On July 29, 2016, the Consumer Financial Protection Bureau (CFPB) issued its latest proposal for amendments and commentary to the TRID Rule, which mandated the new integrated disclosures in residential closings. As required by the process for federal rulemaking, the July 29 publication is a proposal, not a final rule. This process requires the CFPB to publish the proposal and request comments from the public. After the comment period, which ends on October 18, 2016, the CFPB will consider the comments and then issue the final amendments, which may or may not be the same as the proposal. One topic the new proposal addresses is “the sharing of disclosures with sellers and various other parties including real estate agents.” There is a separate federal law that prohibits a lender or settlement agent from disclosing a customer’s nonpublic information. Therefore, since TRID became effective, lenders and settlement agents have not provided the Closing Disclosure to any third parties out of privacy concerns. Not surprisingly the CFPB “has been asked repeatedly” whether third parties, such as real estate agents, can receive a copy of the Closing Disclosure. In the July 29 proposal, the CFPB expressed its “understanding . . . that it is usual, appropriate and accepted” to deliver the Closing Disclosure to real estate agents as a record of the transaction, and that this would fall under an exception to the privacy law.

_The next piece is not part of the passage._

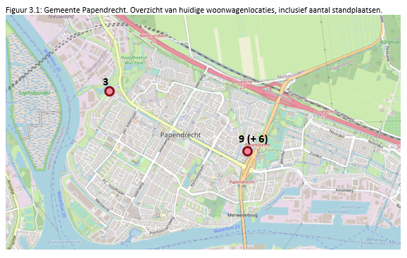 In Papendrecht zijn twee woonwagenlocaties; de Randweg (3 standplaatsen) en de Amberdreef (9 woonwagenwoningen). Daarnaast zijn er aan de Amberdreef zes patiowoningen waarvan een groot deel door kinderen van de woonwagenbewoners van de Amberdreef worden bewoond. Als gevolg van de Europese rechtspraak en uitspraken van het College voor de Rechten van de Mens heeft de gemeente in het Papendrechts Woonplan 2020-2030 als actie opgenomen om de wensen en ruimtelijke mogelijkheden voor uitbreiding van het aantal woonwagenstandplaatsen te onderzoeken. In grote lijnen heeft de gemeente conform het Woonplan de afgelopen jaren diverse acties ondernomen. Sinds 2018 wordt een wachtlijst voor woonwagenstandplaatsen bijgehouden1. Iedereen die zich daarbij aanmeldt, wordt ook gevraagd zijn of haar woonvoorkeuren aan te geven. Tussentijds is door de gemeente gecheckt of de geuite woonvoorkeuren nog actueel zijn. Daarnaast heeft in 2022 een eerste verkennende inventarisatie plaatsgevonden van mogelijk (geschikt te maken) locaties voor nieuwe woonwagenstandplaatsen.

This announcement has been met with cheers from the National Association of Realtors and other organizations. Does this mean that real estate agents will suddenly find themselves included in the Closing Disclosure loop beginning next week? Probably not . . . . Although the new proposal indicates that the CFPB is on board with providing the Closing Disclosure to agents, the proposal has no force of law until the final amendments are issued and take effect. Until then, the potential for privacy violations remains, and lenders may well wait until the ink has dried on the final TRID Amendments before authorizing the distribution of the Closing Disclosure to everyone around the closing table. Until lenders give explicit instructions to distribute the Closing Disclosure, settlement agents will be hesitant to do so. For now, real estate agents may need to be patient with the process, but it looks like we are on the right track.